Beijing Institute of Radiation Medicine, Beijing, China.
College of Life Sciences, Henan Normal University, Xinxiang, China.
J Med Virol. 2021 Oct;93(10):5825-5832. doi: 10.1002/jmv.27117. Epub 2021 Jun 9.
The coronavirus disease 2019 (COVID-19) pandemic has focused attention on the need to develop effective therapeutics against the causative pathogen, severe acute respiratory syndrome coronavirus 2 (SARS-CoV-2), and also against other pathogenic coronaviruses. In this study, we report on a kind of bisbenzylisoquinoline alkaloid, neferine, as a pan-coronavirus entry inhibitor. Neferine effectively protected HEK293/hACE2 and HuH7 cell lines from infection by different coronaviruses pseudovirus particles (SARS-CoV-2, SARS-CoV-2 [D614G, N501Y/D614G, 501Y.V1, 501Y.V2, 501Y.V3 variants], SARS-CoV, MERS-CoV) in vitro, with median effect concentration (EC ) of 0.13-0.41 μM. Neferine blocked host calcium channels, thus inhibiting Ca -dependent membrane fusion and suppressing virus entry. This study provides experimental data to support the fact that neferine may be a promising lead for pan-coronaviruses therapeutic drug development.

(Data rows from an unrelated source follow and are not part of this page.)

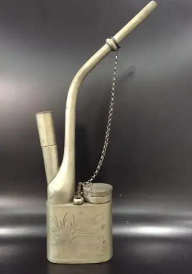 据考查,我国吸食烟具的材质有金、银、铜(黄铜、白铜)锡、竹木等。拥有金银材质烟具的人物,只有解放前的大地主、大资本家、名门贵族才有。贫民百姓,只能使用铜质、竹木质普通烟具。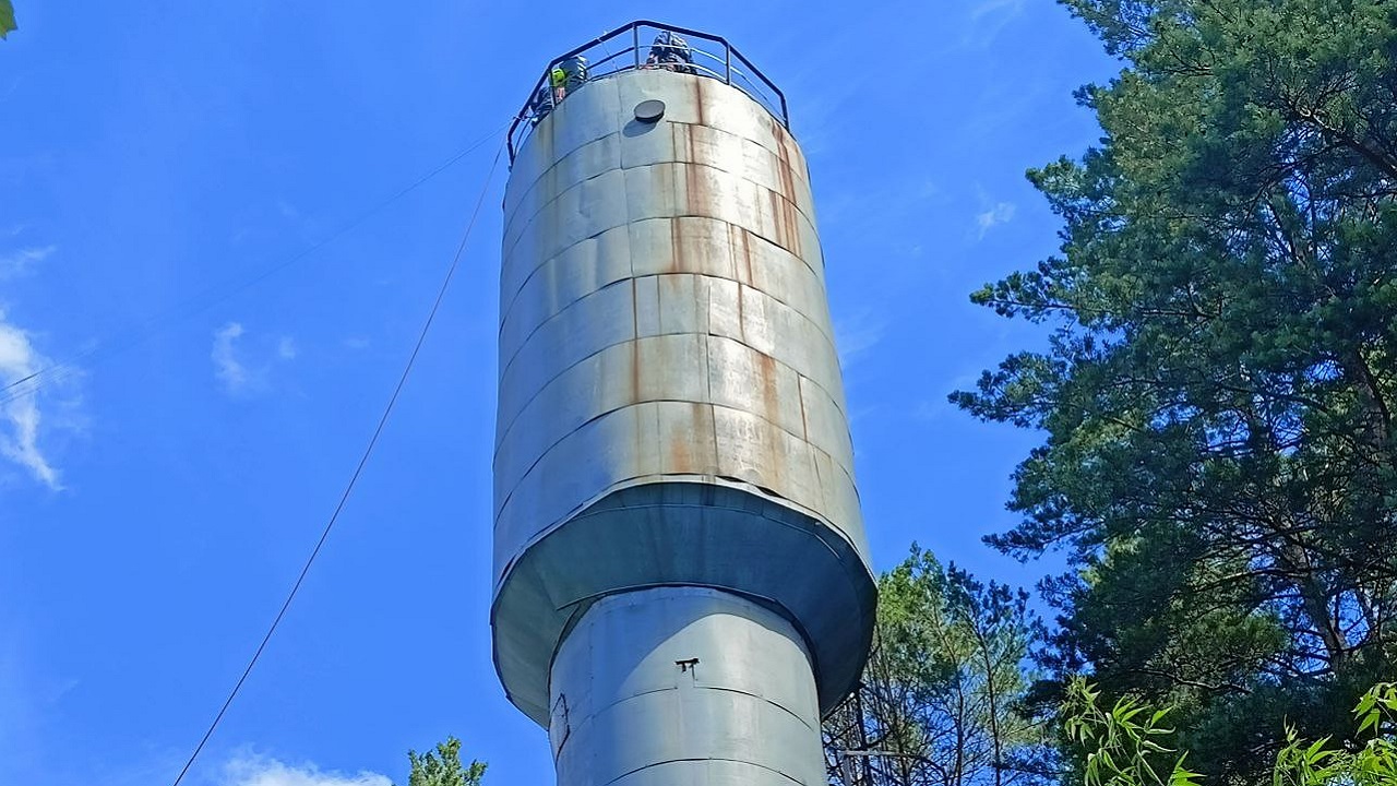 Двадцатиметровая вышка. На тросе спасатель Максим Иванов. Он не скрывает: ему действительно страшно, но долг зовет.
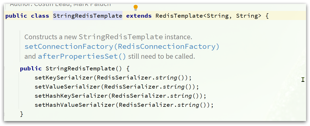 这种用法比较普遍,因此SpringDataRedis就提供了RedisTemplate的子类: StringRedisTemplate,它的key和value的序列化方式默认就是String方式。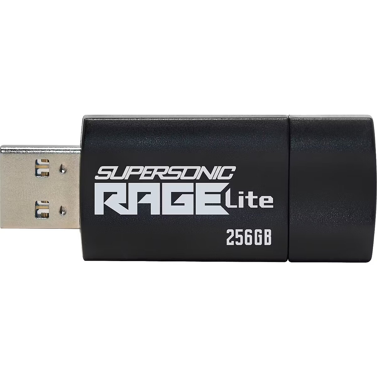 Technical_details - Supersonic Rage Lite 256GB USB Stick The Patriot Supersonic Rage Lite is the ideal solution for anyone looking for a lightweight, portable USB flash drive with fast transfer speeds. The stick features a high-quality NAND and IC controller that offers excellent performance when transferring large files. The rugged case features a retractable, capless design with an eyelet attachment for maximum data protection and portability, as well as easy plug-and-play functionality. Type: USB stick Colour: black/blue EAN: 0814914028971 Manufacturer No.: PEF256GRLB32U Series: Supersonic Rage Lite Capacity: 256GB Connection: USB-A 3.2 Gen 1 (5 Gbps) Connection: The designation USB 3.2 Gen 1 corresponds to the former designation USB 3.1 Gen 1 / USB 3.0. Speed: Read: 120MB/s Features: Sliders Compatible with: Linux, macOS, Windows 7, Windows 8, Windows 10 Feature: Eyelet for attachment Dimensions: Width: 21mm x Height: 10mm x Depth/Length: 55mm Weight: 10 grams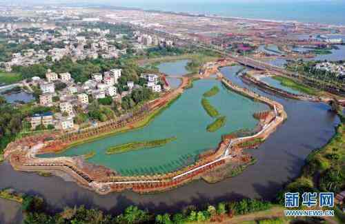 這是??谑薪瓥|新區(qū)芙蓉河綜合治理工程(11月6日攝,無人機(jī)照片)。新華社記者郭程攝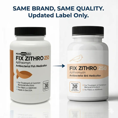 Manufactured by Thomas Labs, Bird And Fish Zithro - Azithromycin 250 mg Tablets are a potent solution for treating a wide range of bacterial infections in both pet birds AND aquarium fish. This 30-count bottle provides a convenient and effective treatment option for various bacterial diseases. Explore our range of Azithromycin for birds and fish for different dosage options. Need a different type of antibiotic? We have a wide selection to choose from.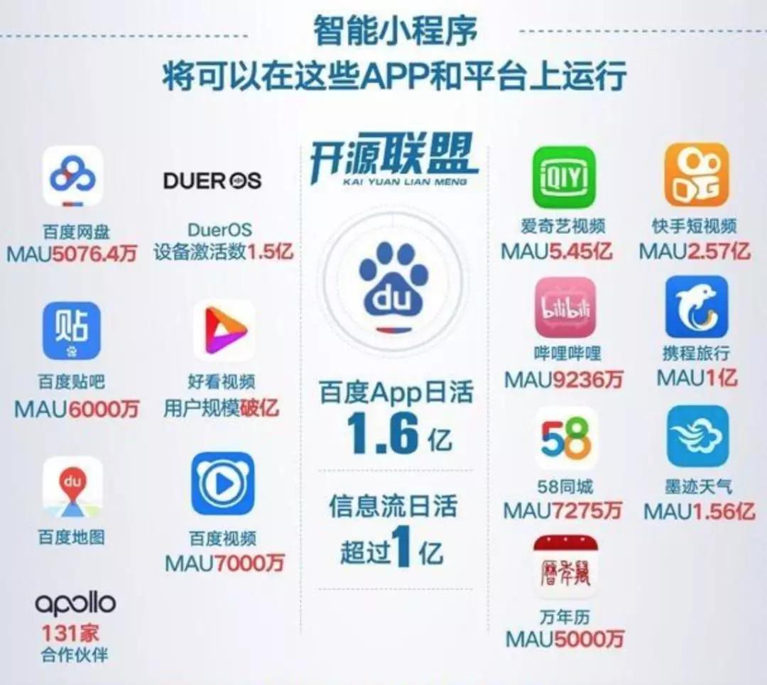 庞大的集团军作战思路等于把中国半个互联网圈的流量聚合在了一起。这也是为什么百度小程序月活跃用户达到2.7亿,入驻小程序数量超过15万,成了国内成长最快的小程序生态。

新型冠状病毒病(COVID-19)大流行引起了人们对开发针对致病病原体,即严重急性呼吸系统综合征冠状病毒 2(SARS-CoV-2),以及其他致病冠状病毒的有效疗法的关注。在这项研究中,我们报告了一种双苄基异喹啉生物碱,小檗碱,作为一种泛冠状病毒进入抑制剂。小檗碱可有效保护 HEK293/hACE2 和 HuH7 细胞系免受不同冠状病毒假病毒颗粒(SARS-CoV-2、SARS-CoV-2[D614G、N501Y/D614G、501Y.V1、501Y.V2、501Y.V3 变体]、SARS-CoV、MERS-CoV)的体外感染,其半数效应浓度(EC )为 0.13-0.41 μM。小檗碱可阻断宿主钙通道,从而抑制 Ca 依赖性膜融合并抑制病毒进入。这项研究提供了实验数据,支持小檗碱可能是开发泛冠状病毒治疗药物的有前途的先导化合物的事实。